A relação de João com os colegas em sala pode ser avaliada como positiva. Isso se deve ao fato de a maioria da turma ter estudado com ele no ano anterior, na Educação Infantil. As crianças parecem compreender a condição de deficiência de João. Mesmo que se sintam incomodados nos instantes em que ele grita e/ou cospe nelas, as crianças não revidam ou o agridem, alguns se protegem, outros pedem ajuda à professora. Para eles o João é como um bebê e por isso se sentem responsáveis por ele. Algumas crianças ajudam a limpar sua baba, outras brincam com ele repetindo os sons e movimentos que faz. As crianças sentam com ele no colchonete e lhe mostram os livros de história.

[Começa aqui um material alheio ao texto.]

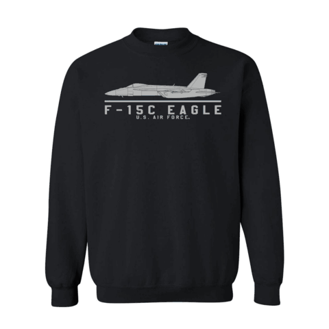 Please enjoy this Officially Licensed F-15C Eagle Sweatshirt. It is 70-30% Cotton/Poly pre-shrunk Premium Cotton Adult Sweatshirt and is available in S, M, L, XL, 2X and 3X sizes.
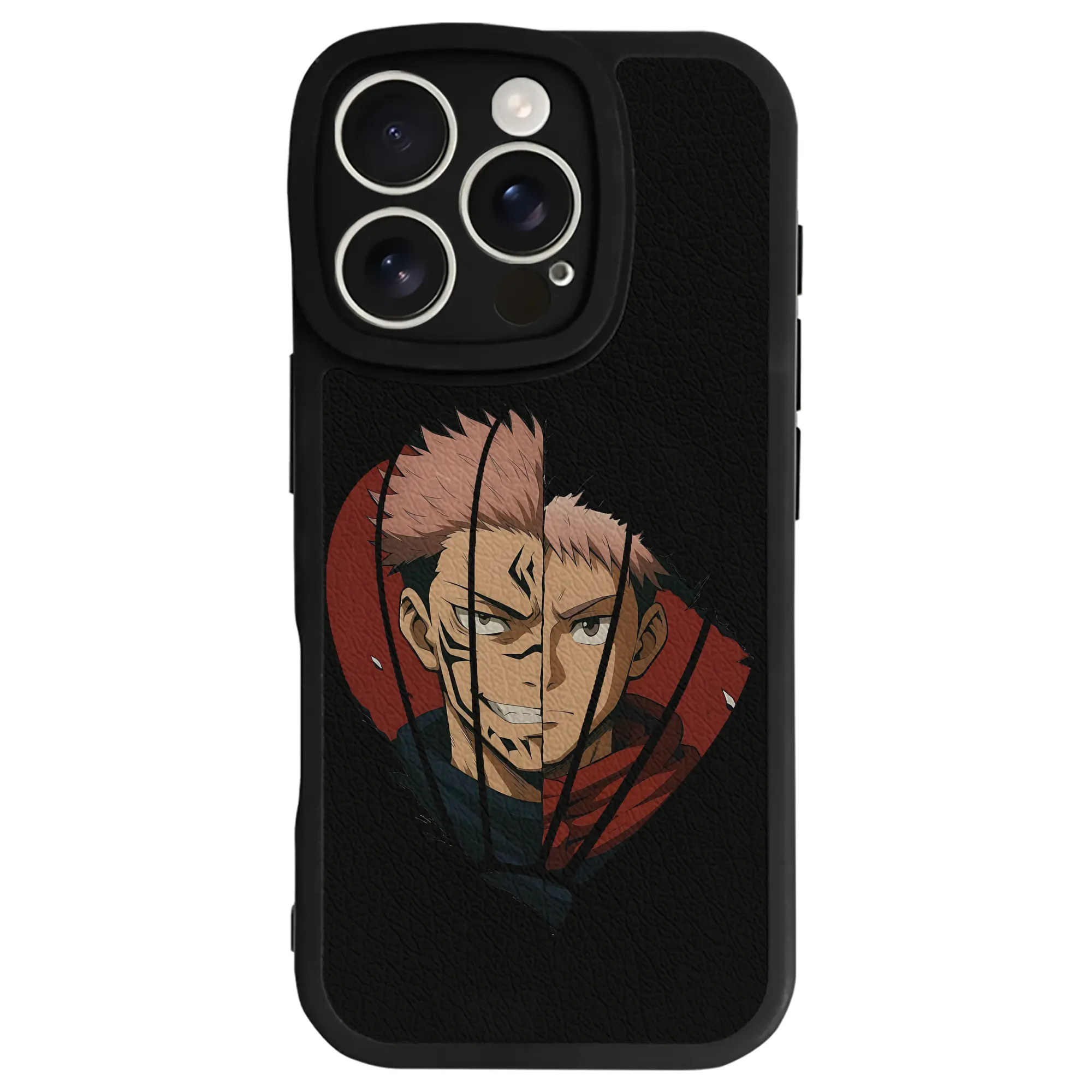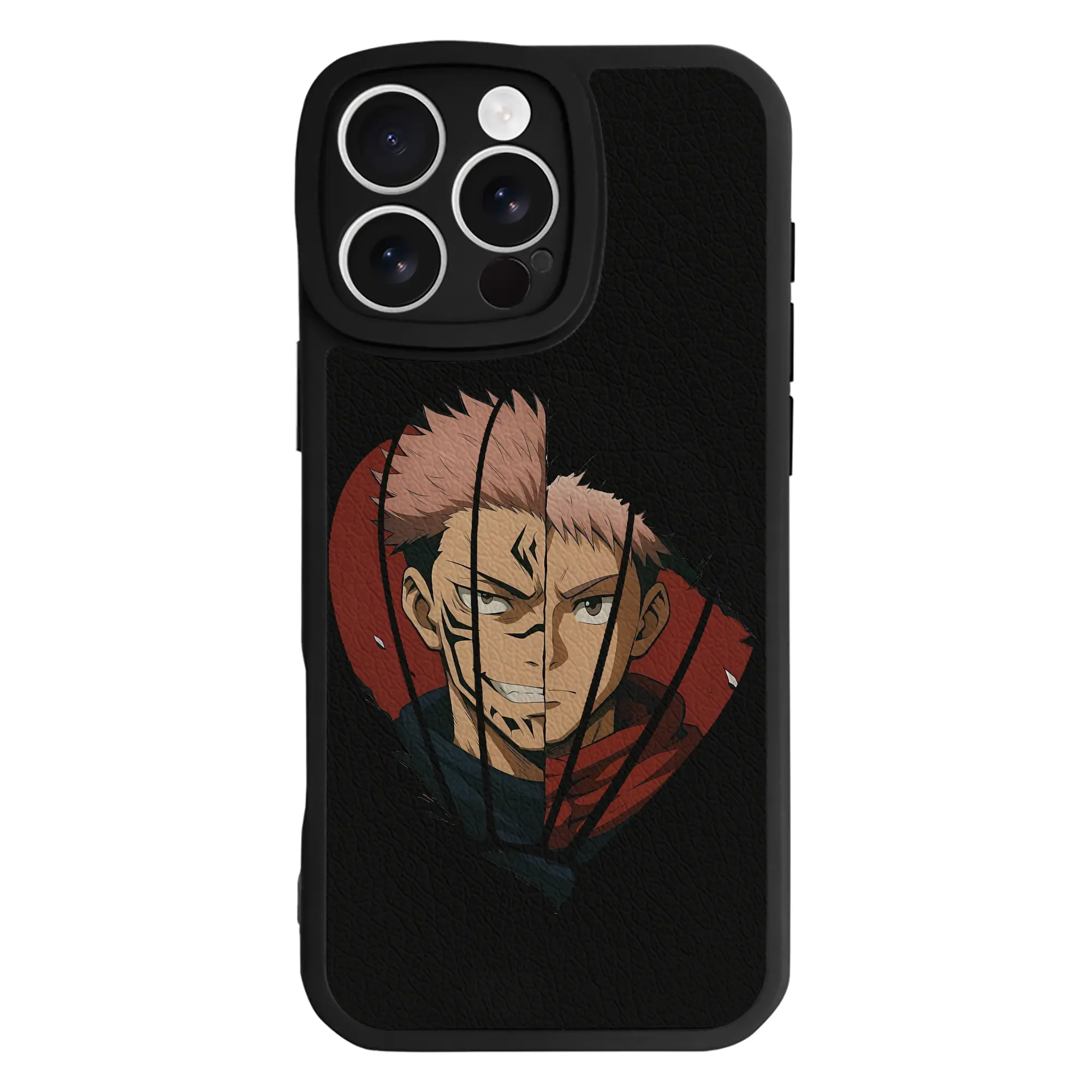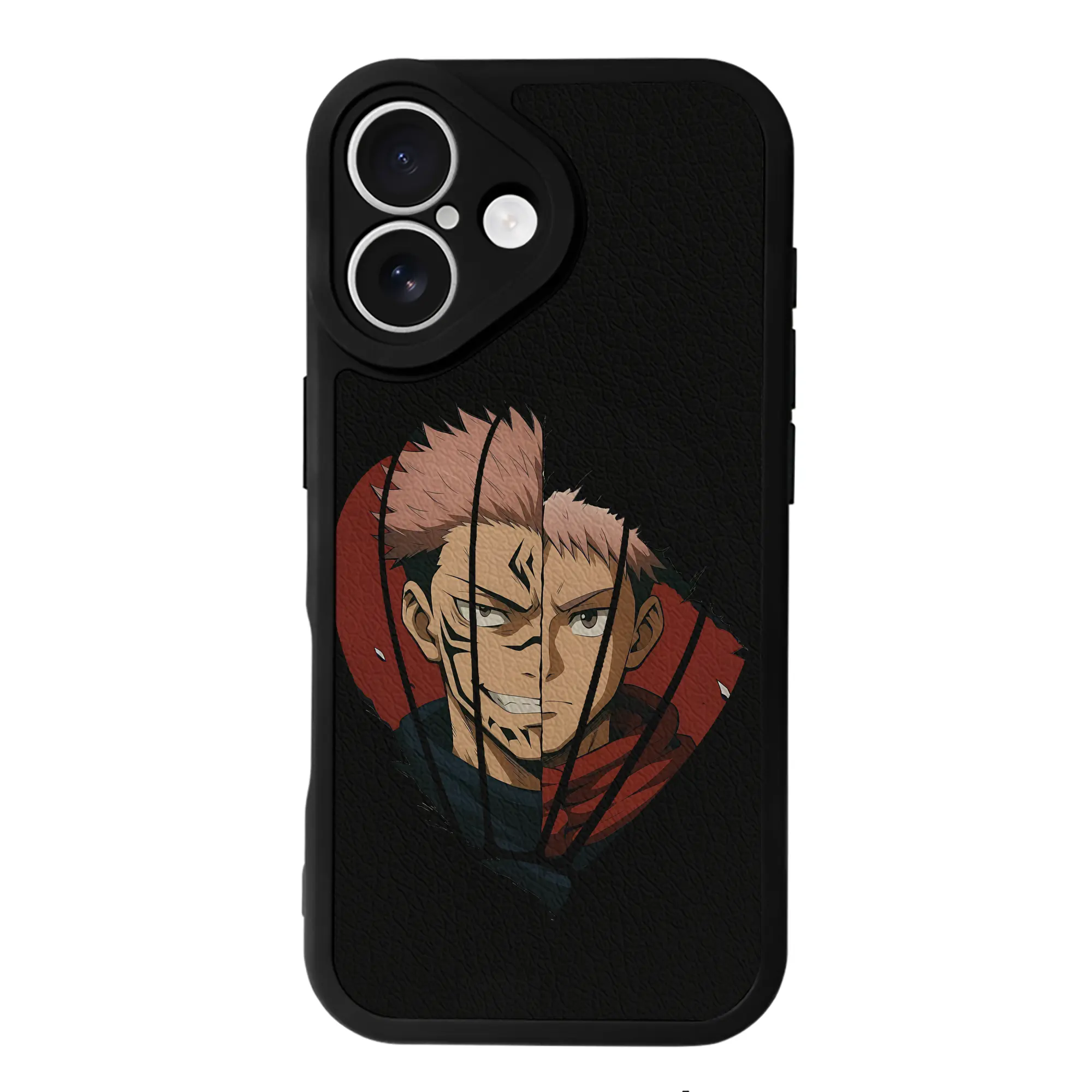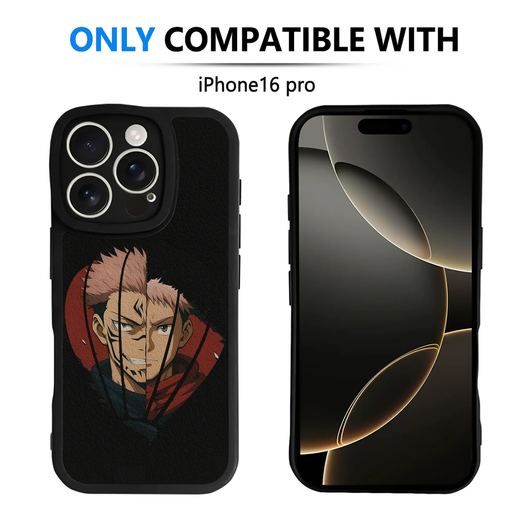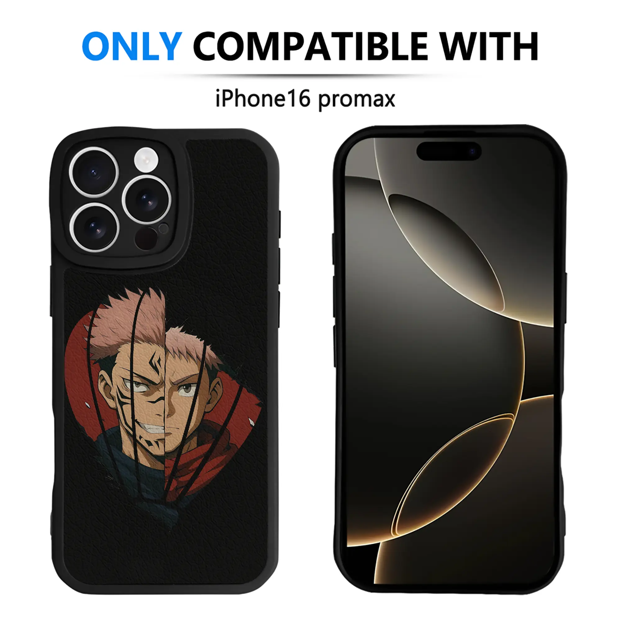 呪術廻戦 グッズ,両面宿儺 - IPhone 16シリーズ対応 ・ シリコンスマホケース ・ レザー調 ・ 高精度フィット ・ 耐衝撃 ・ ワイヤレス充電対応 ・ 精密カット

Sobre as habilidades de João, a professora do AEE faz a seguinte avaliação:

Ele consegue segurar e ele consegue pintar, ele não pinta como uma criança que pinta dentro do contorno, nem juntando todas as linhas, mas ele faz rabiscos, ele rasga papel, ele consegue cola r, ele entende o que tá sendo falado, na contação de

histórias ele entende a história, se você falar com ele ‘João, oi João, tudo bom?’,

ele entende. Ele tem essas partes de dificuldade na coordenação, que tem no atestado dele, e se tivesse sido trabalhado cedo, com certeza ele tava bem melhor. (PROFESSORA DO AEE) (SIC)

De acordo com a professora, ele tem condições de realizar algumas atividades em sala, mas ainda precisa ser estimulado quanto à coordenação dos movimentos. No que se refere ao desenvolvimento cognitivo, à aprendizagem de conteúdos, a professora demonstra descrença, priorizando a indicação de atividades que estimulem o desenvolvimento motor. No entanto, reconhece que João consegue compreender algumas situações, como as histórias que escuta.

A professora de sala de aula não tem informações sobre o desenvolvimento nem habilidades de João. Acredita que durante o período em que cursou a Educação Infantil, ele era estimulado apenas nas relações de convivência com as demais crianças. Também não teve contato com a professora que estava atuando com a turma antes dela assumir e por isso não tinha informações sobre o que ele fazia em sala. Tudo que sabe foi coletado através de conversas informais com as colegas de trabalho e com a professora do AEE. A professora Beatriz reconhece que João gosta de música, de objetos que giram, de andar pela escola e de se relacionar com os colegas de sala. Ainda de acordo com a professora, o trabalho a ser desenvolvido com João é apenas de socialização, por não crer que ele seja capaz de aprender.